# phpmyadmin setup.php



## buzzer7 (6. Dez. 2009)

Hey!
Hab da mal ne Verständnisfrage. Habe noch nicht näher nachgeforscht (ausser Foren Suche hier) und wahrscheinlich ist es auch ne dumme Frage aber ist es richtig dass man phpmyadmin/scripts/setup.php standardmäßig ohne Authentifizierung ansurfen kann?
Ist das bedenklos oder muss ich mich jetzt schlau machen um das Loch zu stopfen?
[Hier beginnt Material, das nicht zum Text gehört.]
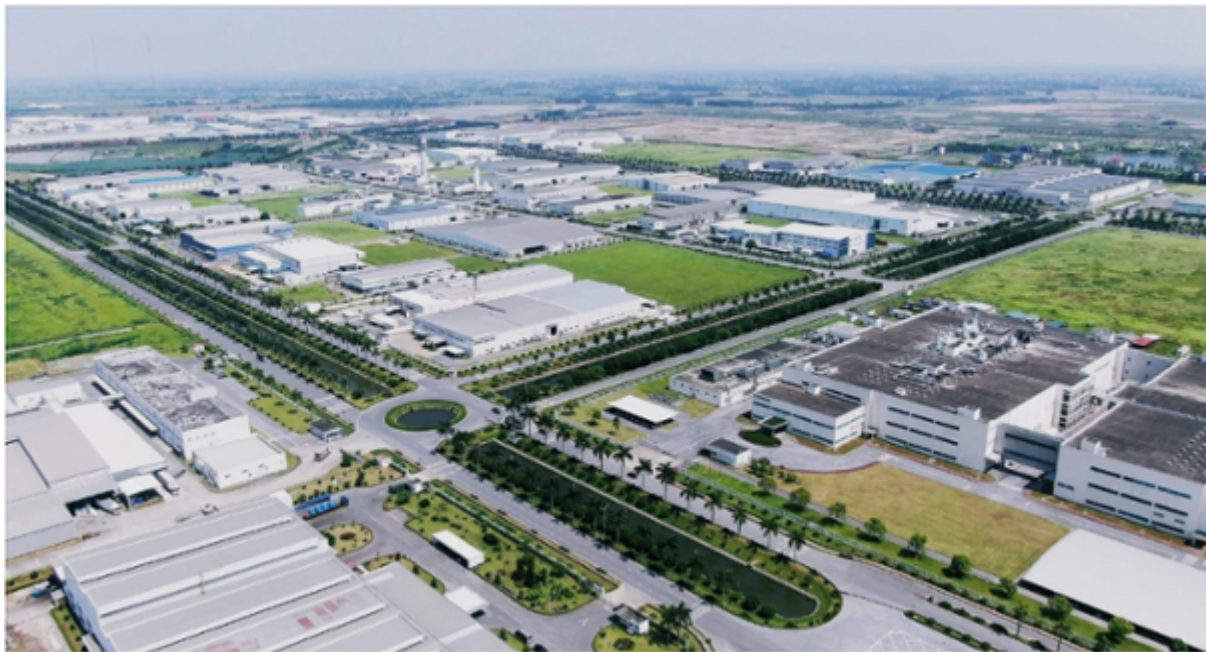
Thang Long Industrial Park in Vietnam

V ietnam will remain one of the best investment destinations for industrial real estate in Southeast Asia for the next 10 years and beyond, experts said at a conference in Ho Chi Minh City last week.
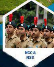
NCC & NSS

MULTIDISCIPLINARY EDUCATION FOR A BETTER TOMORROW
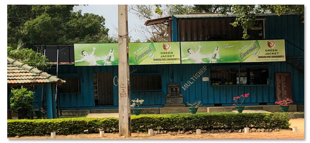
(Latitude: 9° 10' 28.71" N, Longitude: 80° 50' 58.32" E)

(Latitude: 9° 5′ 27.53″ N, Longitude: 80° 53′ 52.422″ E) Green Jacket Multi Shop – Kokkilai Road, Alampil, Mullaithivu
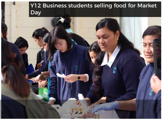
Y12 Business students selling food for Market Day
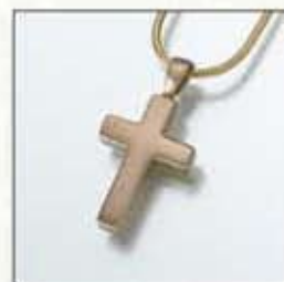
#114 Brass Satin Finish Cross - $90 5/8"W x 1"H
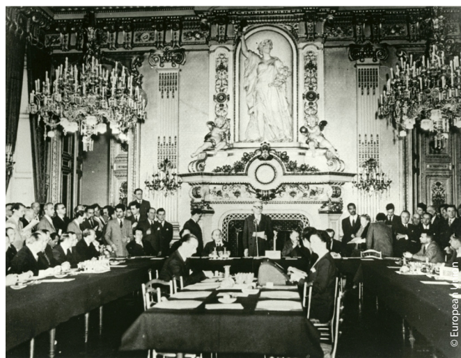
Schuman giving his famous speech on 9 May 1950, the day that is now celebrated as the EU's birthday.

However, his efforts did not stop there. He became a great proponent of further integration through a European Defence Community and in 1958 he became the first President of the predecessor to the current European Parliament. When he left office the Parliament bestowed on him the title of 'Father of Europe'. Because of the significance of his 'Schuman Declaration' on 9 May 1950, this day has been designated as 'Europe Day'. And, in honour of his pioneering work towards a united Europe, the district housing the headquarters of several European Union institutions in Brussels is named after him.
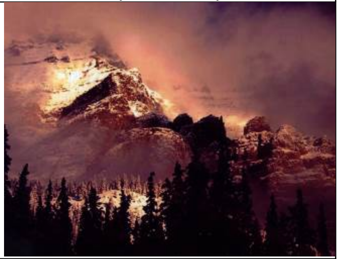
Jasper Peaks
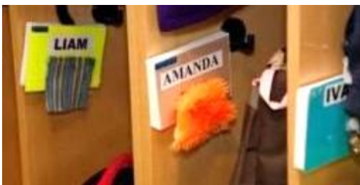
Use tactile labels for cubbies, personal items, and storage bins.
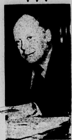
REP. KARL MUNDT

They carried signs reading "Defeat the Mundt Bill," "Pass the Anti-Lynching Bill, the FEPC"
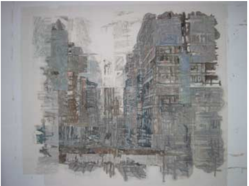
Millennia Ago, Choa Chu Kang #1, 2004, Ink on paper, 150 x 150

Various architectural motifs have been considered for this series. This serves as an extension of the earlier "Monuments". For this show, only the façade of Singapore's public housing flats were used. There was a conscious effort to create them as relics, part of a larger city in ruins like old cities of Pompeii, Rome, etc. They were thus constructed in ways that perhaps later generations were to view them: as pages from the history of humanity. Hong Sek Chern
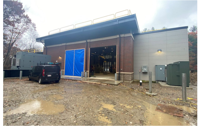
Overview of building from northwest
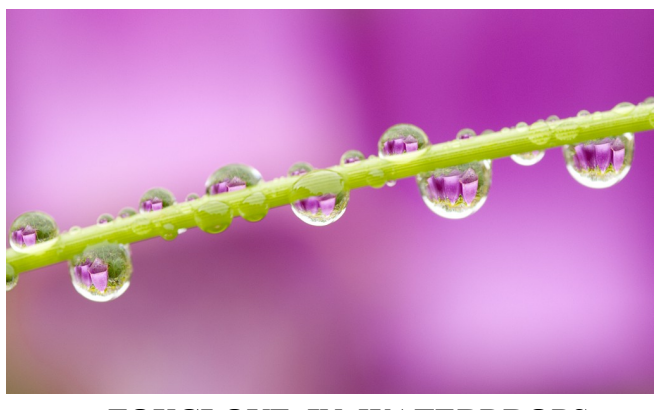
FOXGLOVE IN WATERDROPS BY KEVIN SIEFKE SECOND PLACE

Sorry für eine vielleicht dumme Frage.

DANKE!


----------



## Quest (7. Dez. 2009)

Stimmt, kann man.
Ich hab in das scripts-Verzeichnis eine .htaccess Datei geschmissen um da noch eine Passwortabfrage vorzuschalten.


----------



## Falcon37 (7. Dez. 2009)

Hab jetzt mal an 3 Servern von mir getestet, bei 2n kommt der Text "phpMyAdmin Setup" und es wird nach einem Nick + Passwort gefragt, und ich habe keine .htaccess (bewusst) vorgeschaltet ... Ich glaub es ist besser wenn man das Verzeichnis mit einer .htaccess schützt falls keine vorhanden ist.


----------